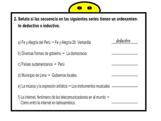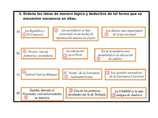 Este documento ofrece varias formas de organizar la información en un texto, incluyendo el orden lógico, lineal, deductivo, descriptivo, clasificatorio y del método científico. Explica cada orden con ejemplos detallados. También incluye un ejercicio de verdadero o falso sobre el orden correcto de presentar la información.
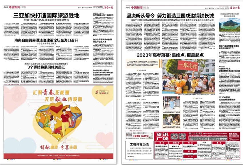 文教體育:這一版面主要報道當日娛樂、文化、教育和體育新聞,包括全國各大演出、院團、音樂、電影等的情況;評論觀察:主要為各類評論文章空間,關注社會熱點、深度解析當下事件;旅游推薦:《海南日報》還特別推出“旅游推薦”欄目,每天提供海南省內優質旅游線路及景點。
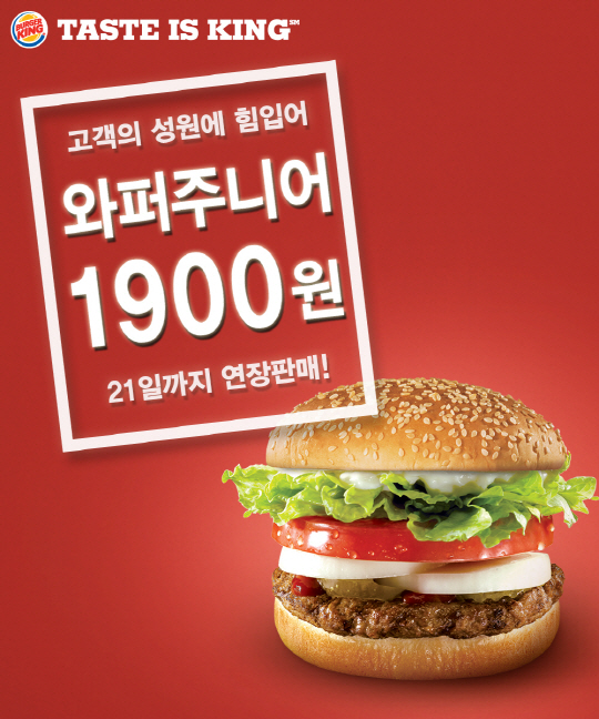 버거킹(대표 유주열, ㈜비케이알)이 와퍼주니어 단품을 기존 3,500원에서 1,900원으로 할인 판매하는 프로모션을 연장한다. 예년보다 일찍 찾아온 더위에 지친 고객들을 위해 기획된 본 프로모션은 6월 17일부터 19일까지 삼일간 진행될 예정이었으나 고객들의 뜨거운 성원에 힘입어 6월 21일까지 연장 실시하기로 결정했다.
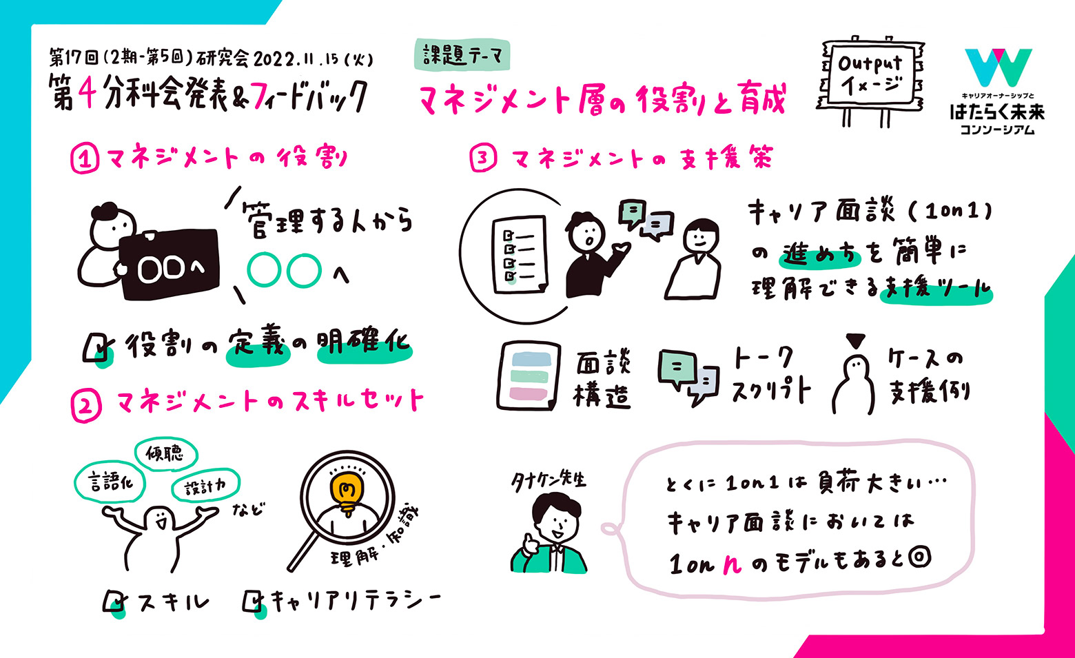 「キャリア面談をしよう、と言っても『何したらいいんだ?』と、双方が感じている面もあるかなと感じています。たとえば、『働き方を話しましょう』くらいの温度感から入ってもよいのではないかと思いました。今どう働きたいか、将来どう働きたいか、は、各自会話も進みそうですし、結果として、キャリアを相談することにつながるのではないでしょうか」
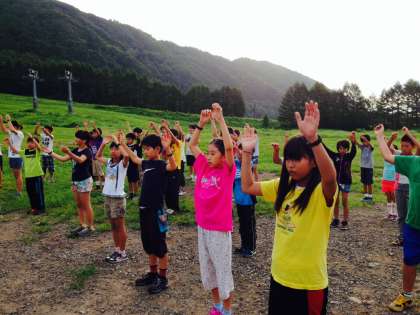 みんな元気に手足を伸ばして、いち、にい、さん。
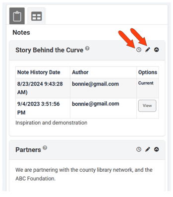 To complete, edit, or delete a note, click its Edit icon. Clicking a note’s History icon displays a chronological list of note additions and edits.

§ **Work order**
Write out exactly the run of lines above that starts at the line containing "文教體育:這一版面主要報道當" and ends at the line containing "버거킹(대표 유주열, ㈜비케이알)이". Include both, and leave the pictures out.

§ **Result of the exercise**
 文教體育:這一版面主要報道當日娛樂、文化、教育和體育新聞,包括全國各大演出、院團、音樂、電影等的情況;評論觀察:主要為各類評論文章空間,關注社會熱點、深度解析當下事件;旅游推薦:《海南日報》還特別推出“旅游推薦”欄目,每天提供海南省內優質旅游線路及景點。
 버거킹(대표 유주열, ㈜비케이알)이 와퍼주니어 단품을 기존 3,500원에서 1,900원으로 할인 판매하는 프로모션을 연장한다. 예년보다 일찍 찾아온 더위에 지친 고객들을 위해 기획된 본 프로모션은 6월 17일부터 19일까지 삼일간 진행될 예정이었으나 고객들의 뜨거운 성원에 힘입어 6월 21일까지 연장 실시하기로 결정했다.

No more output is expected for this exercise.